Intrusion Detection System in Cyber Security

Network intrusion detection is critical for protecting systems against cyber threats. This report presents a machine learning approach for classifying network traffic as normal or attack types using the NSL-KDD dataset. The data contains records of simulated network connections with 43 features and labels for normal or 24 attack categories grouped into 4 classes – Denial of Service, Probe, User to Root, and Remote to Local.

Exploratory data analysis was performed to understand the distribution of the label, protocol, service, duration and other features. This provided insights like common attacks and frequently used protocols/services. Bivariate analysis identified relationships between variables like associations between protocols and attack classes.

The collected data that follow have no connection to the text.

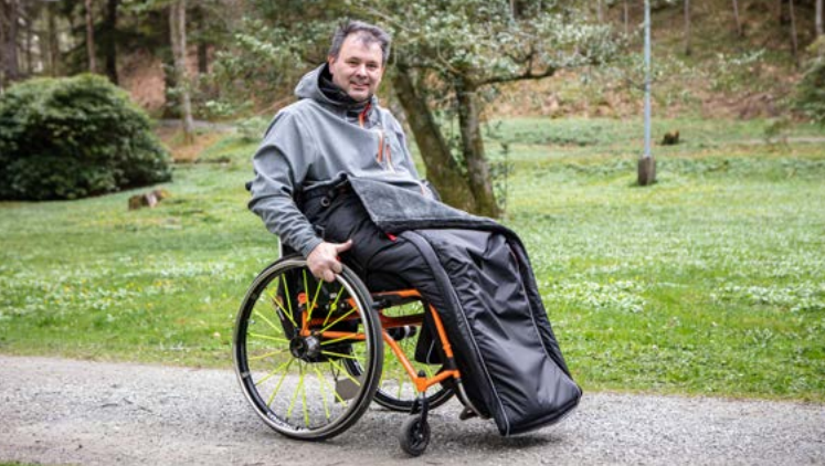
Art.nr. vinter 350-00 | sommer 350-04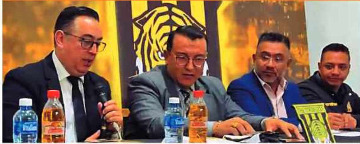
DIRIGENCIA. El presidente de The Strongest (centro) durante la conferencia de prensa de ayer en Achumani.

LOS PARTIDOS EN ACHUMANI SERÁN LOS DE "BAJO AFORO"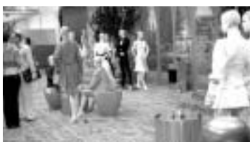
DAS TRENDAMBIENTE PALAZZO IN HALLE 14

The data was pre-processed by encoding categorical variables and splitting into train and test sets for modeling.

Network Intrusion Detection System using Machine Learning

Software Requirements :-

  • Coding Language : Python
  • Implementation: Software Framework.
  • Operating system : Windows 10 / 11.
  • Graphical User Interface : Tkinter

Hardware Requirement:-

  • Input Devices : Keyboard, Mouse.
  • System : Pentium i3 Processor.
  • Hard Disk : 500 GB.
  • RAM : 4 GB.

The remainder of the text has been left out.